From toys to books, a variety of gifts can be given at Chanukah. Within that broad spectrum, some Northeast Ohio families choose to give a gift that supports Israel.

There are many ways to do so, including several with ties to Greater Cleveland.

Cari M. Immerman, American Friends of Magen David Adom’s Beachwood-based director for Ohio, Kentucky, Michigan and western Pennsylvania, said that during operation “Pillar of Defense,” Magen David Adom responded to thousands of calls and treated more than 400 Israelis injured in the rocket attacks as well as the terrorist bus bombing in Tel Aviv, including several critical cases in which their intervention was instrumental in saving lives.

Immerman explained that MDA is Israel’s national ambulance and blood services agency and its affiliate to the International Red Cross.

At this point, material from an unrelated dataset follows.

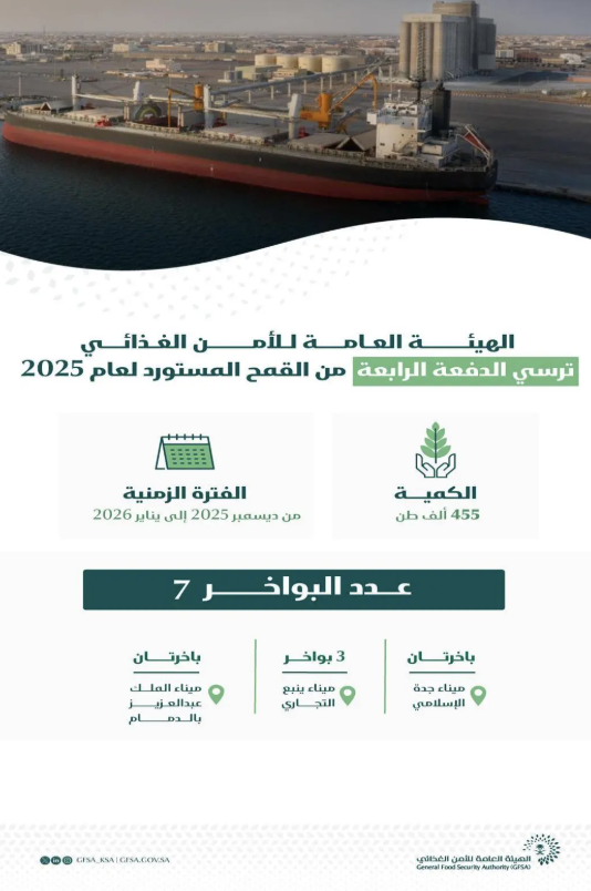 الهيئة العامة للأمن الغذائي ترسي الدفعة الرابعة من القمح المستورد هذا العام

In that capacity, it supplies 97 percent of Israel’s blood supply and 100 percent for the Israel Defense Forces.

However, MDA’s work isn’t government-funded and thus relies on charitable gifts – like those given at Chanukah, Rosh Hashanah and other simchas – to fund its mission, Immerman said.

“I’ve had people (give a gift through AFMDA) not only for Chanukah but also at other times of the year. They feel good about making the donation, and they get great pleasure out of supporting Israel,” she said. “When you make a gift to Magen David Adom, you’re helping fulfill their mission to save lives in Israel. It’s truly a gift with impact for your friends and loved ones and for the citizens and soldiers MDA serves.”

Another way to support Israel is through purchase of Israel Bonds, which is “an investment and not a charitable contribution,” said Thomas A. Lockshin, executive director for Israel Bonds in Ohio and Kentucky.

“When you buy an Israel Bond, you’re lending the government of Israel your money and they’re promising to pay back your principal along with interest,” he said. “We believe it’s the most direct way to support Israel because you write your check directly to the state of Israel. It’s used to help every aspect of Israel’s economy.”

The money sent to Israel via the purchase of Israel Bonds goes into its treasury, and the government distributes it according to where it feels funds are most needed.

“Foreign debt held in Israel Bonds is a valuable service to Israel,” Lockshin said. “For the purchaser, it is a means of acquiring an excellent investment and expressing unity with Israel.

“We have many clients that purchase Israel Bonds as gifts for children and grandchildren,” he said. “They want to give something of substance to their loved ones, and at the same time, support Israel. … Investing in Israel Bonds gives families a personal, meaningful and sustaining relationship with Israel and the Jewish future.”

Yet another way to support Israel is through a donation to the Jewish National Fund, said Debbie Rothschild, Northern Ohio regional office director.

“Our sole mission is to support Israel, its people and its land,” she said. “Whether through planting trees, building new communities, security roads or water resources, there are a number of ways that JNF is making a difference with the people and land of Israel.”

Recent examples of the difference JNF has made include initiatives carried out during operation “Pillar of Defense,” Rothschild said.

“JNF stood up in a tremendous way and opened our Sderot indoor playground – which is also a fortified bomb shelter – to thousands of people and housed them in a safe and fun environment,” she said. “We also took hundreds of kids and families to different parks and destinations around Israel to give them a respite from the stress and exhaustion they experienced due to the threat to their well being.”

Simply stated, “a gift to JNF is a gift to Israel,” Rothschild said.

“A gift to JNF is much more than planting trees in Israel, which is needless to say a beautiful thing, but JNF is an organization that comes to the plate when needed,” she said. “People can be very proud of their support of JNF. … Not only does it set an example of giving for children during Chanukah, but there’s also the legacy of giving (parents) create with generations of giving.”